– Что ж, это великолепно, господа! С сегодняшнего дня вы, Альфред, и вы, Адольф – желанные гости этого дома. Можете приезжать к нам запросто, без приглашения, как это делает Дитрих. И я, и моя супруга будем искренне рады вашим визитам. Кстати, мы совсем забыли о Винифред, а она, между тем, уже давно ждет нас к ужину. Предлагаю отметить начало нашей дружбы парой бутылок мозельского!
– Промочить горло было бы неплохо, – проворчал расстроенный Розенберг.

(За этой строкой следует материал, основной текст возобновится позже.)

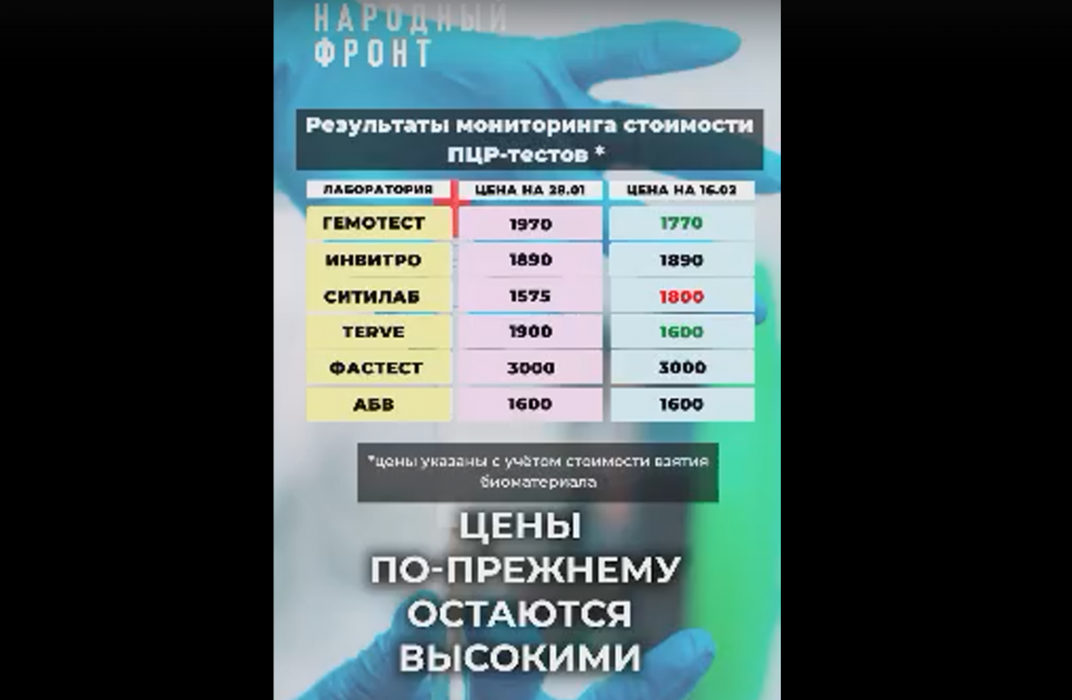 Первую проверку цен на ПЦР-тестирование представители ОНФ провели 2 недели назад, выявив завышение цен у частников. Повторная (на днях) показала, что некоторые коммерческие лаборатории снизили стоимость услуги на 200-300 рублей, но даже с учётом этого цена остаётся высокой. А в одной из лабораторий услуга напротив подорожала — на 225 рублей.
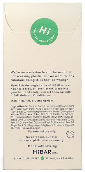 - 1 HiBAR shampoo bar is equivalent to 16 fl. oz. of liquid shampoo
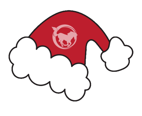 A festive red Santa hat featuring the iconic Mustang Cheer logo with a rearing horse, perfect for holiday spirit.
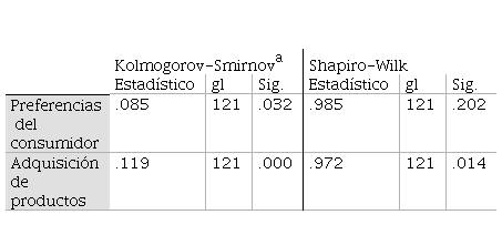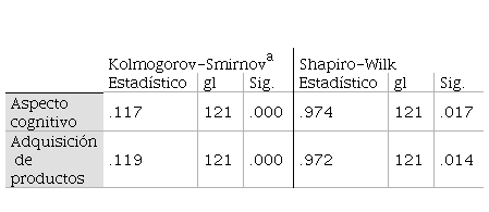 Para la comprobación de la hipótesis, primero se utilizó la prueba de normalidad de Kolmogorov-Smirnov para los 121 datos; luego, de acuerdo a los datos obtenidos, se utilizó el estadígrafo Rho de Spearman.
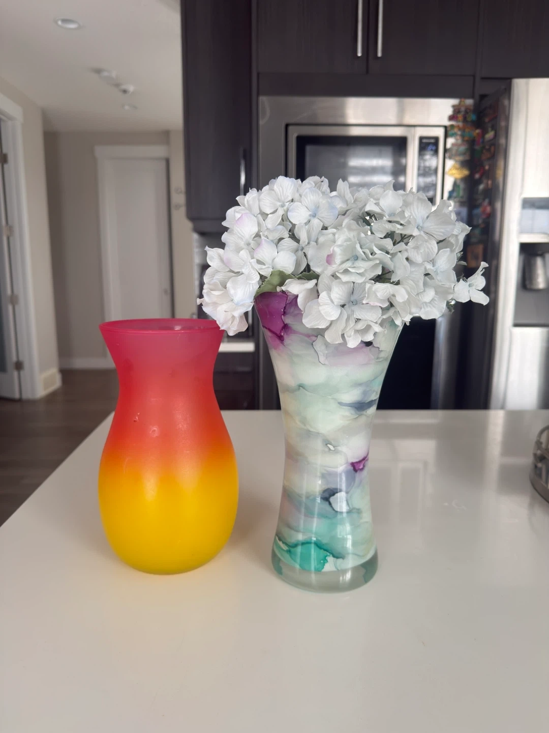 Two decorative glass vases, one with a sunset ombre finish in pink and yellow. The other features a marbled alcohol ink design in blues, greens, and purples. Both are ideal for displaying fresh or artificial flowers.
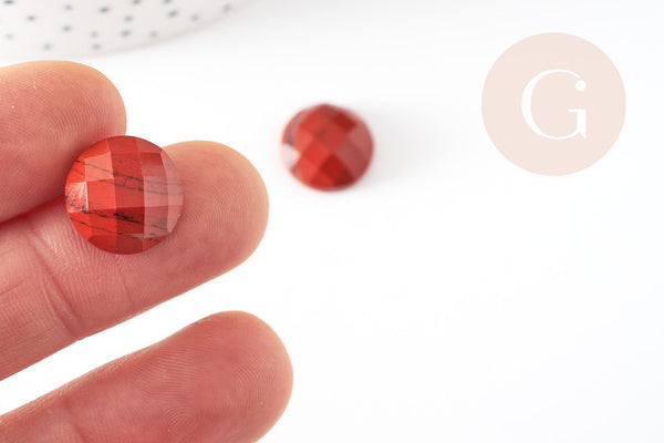 Round faceted red jasper cabochon, stone jewelry, round cabochon, natural jasper, red jasper, 14.5mm cabochon, natural stone
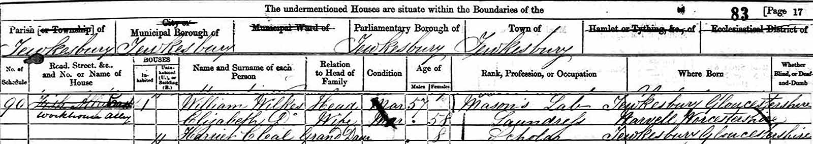 From Chart 3, we see that William Wilkes, a son of William Wilkes and Elizabeth Hunt, now becomes our next descending ancestor. He was born 25 April 1827 in Tewkesbury, and was subsequently christened on 6th of April 1828, when he was nearly one year of age. With his father being a stone or brick mason, we can suspect he may have been required to assist his family by also working in this trade. This seems all the more probable when we note that he is the family's oldest son.
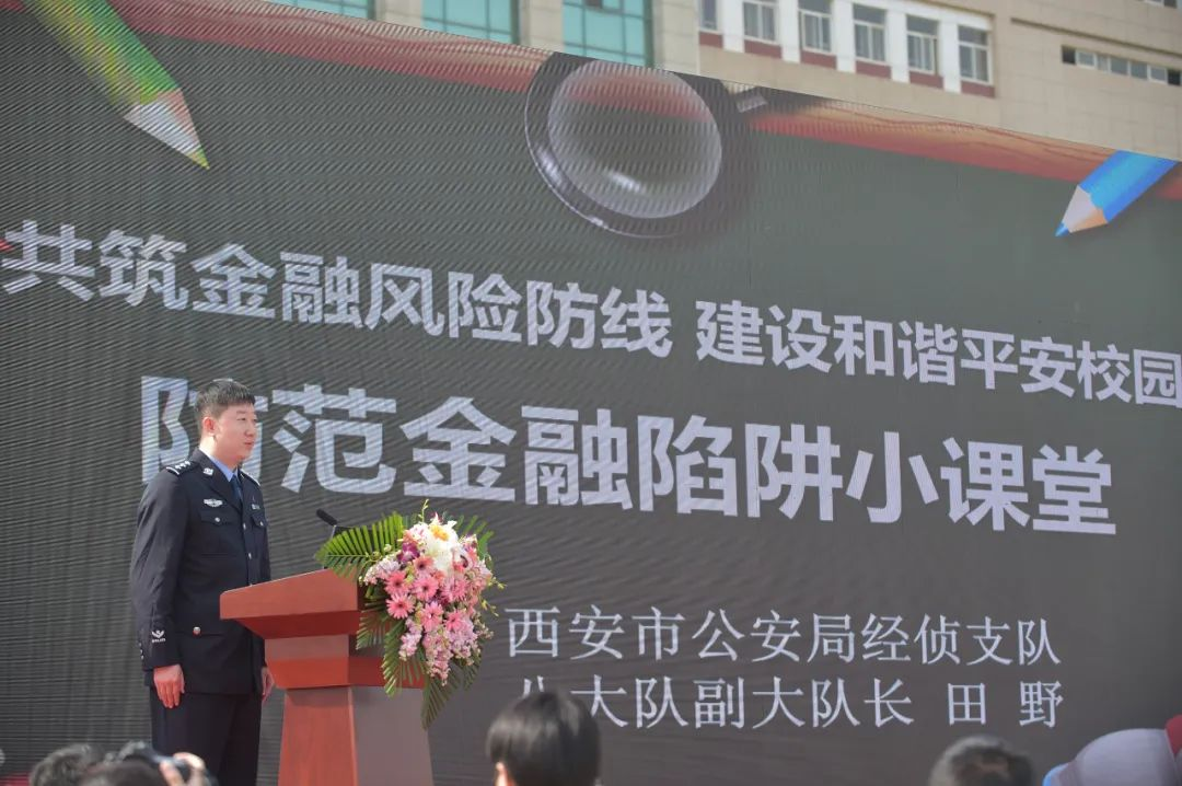 “当这些要素逐一露头时,你就有理由断定自己面对的是诈骗分子。”西安市公安局经济犯罪侦查支队田野警官,带来了接地气、受欢迎的《防范金融陷阱小课堂》。这堂讲座由防范电信诈骗、套路贷、新型数字藏品投资、新式传销等子课目组成,田野警官通过典型的案例和生动的语言,详细剖析了买卖游戏账号反被骗走3万元、超前消费以贷养贷落入圈套、跟风“投资”平台跑路惨遭损失等实例,逐个分析诈骗手段的特点并提出相应的防范措施,提醒学生们“陌生链接不点击、个人信息不透露”“天上不会掉馅饼,不要贪图高收益”,引导师生们深刻认识非法集资的危害性,进一步增强风险意识和识别能力。
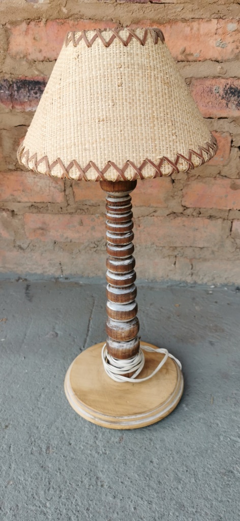 Wooden Turned Lamp + shade (height 54.5 cm)

– Ну, тогда вперед! – Вагнер посторонился, пропуская архитектора вперед, и сам последовал за ним. – Друзья, не отставайте!
Но Эккарт не спешил выходить из кабинета. Он внимательно смотрел на Гитлера, словно искал в нем какой-то скрытый изъян.
– Стало быть, разговор зашел о предмете? – спросил он, наконец. Адольф понял, что Вагнер не зря увел Розенберга ужинать.
– Да, об орле. Вы знаете, что это такое, Дитрих?
Поэт ответил не сразу.
– Знаю ли я? Конечно, мой мальчик. Орел – это высшее воплощение поэзии, это квинтэссенция того искусства, которым владел Орфей. Орфей, заставлявший деревья плясать, а камни плакать. Это очищенное ото всех примесей Слово, то самое, которое было в начале всего, как сказано в Книге Бытия.
Гитлер нетерпеливо кивнул.
– Да, да. Но все же – что это за предмет? Он у вас? Вы мне его передадите?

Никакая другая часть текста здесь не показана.